Nothing in her life was ever simple.

"If I go with you—" JJ's arms trembled slightly from having held them over her head for nearly half-an-hour, "you promise not to hurt anyone else?"

"I don't—" The man who had burst into the small diner pulled at his long shaggy hair, "you'll leave me, just like she did." He gestured to the random woman he had shot who was slowly bleeding out, "They all leave."

"I won't." JJ promised, forcing herself not to look at the diner's other terrified patrons looking to her for salvation. "I won't leave."

"Chere, no!" Will interrupted, shrinking back as he tried to shield the five-year old from the crazed gunman.

There had to be another way.

Spooked, the gunman waved his gun nervously, his finger dangerously close to the trigger as he pointed the weapon towards JJ's family.

"No!" JJ stepped between them, knowing that if her former colleagues were here they would try and tell her something like her resemblance to this UnSub's mother.

It was always the mother.

"I'll go with you." She promised, her voice on the edge of hysteria as she saw the gun directed toward her baby boy. "Just let's go."

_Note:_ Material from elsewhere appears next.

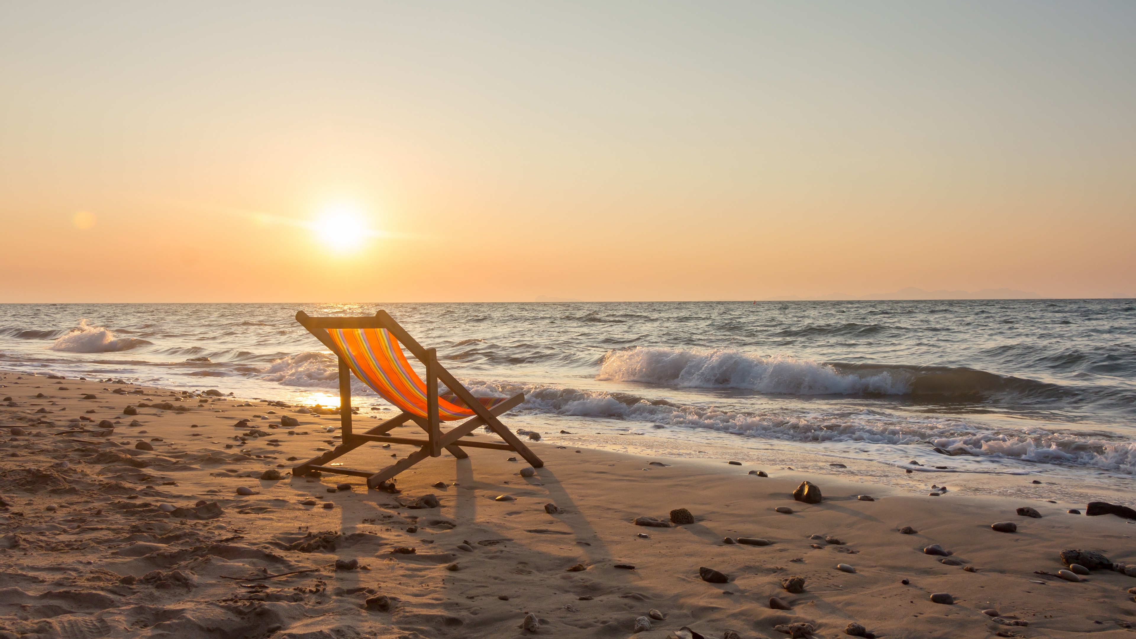 Description: A beach chair sitting on the sand near the ocean at sunset or sunrise time.

"And you won't leave?" The deranged man asked hesitatingly, as if he and JJ were intimate lovers promising to share their love for eternity.

"I won't leave." JJ vowed. "But you have to let me say goodbye to my family."

"You—you cheated on me?" The man whispered.

"No!" JJ assured, glancing back at Henry and Will just to make sure her body was in fact strategically placed between them and the weapon. "It's my family, but I'm leaving with you." She reminded, cursing the way her voice hitched in fear and sadness at the thought of joining this man to go wherever he had planned, "I'm leaving with you."

"Say goodbye and we can go." The man nodded.

"Jayje, you can't do this." Will pled, his arm still bleeding from where he had been shot through the shoulder. "You can't—you can't leave us."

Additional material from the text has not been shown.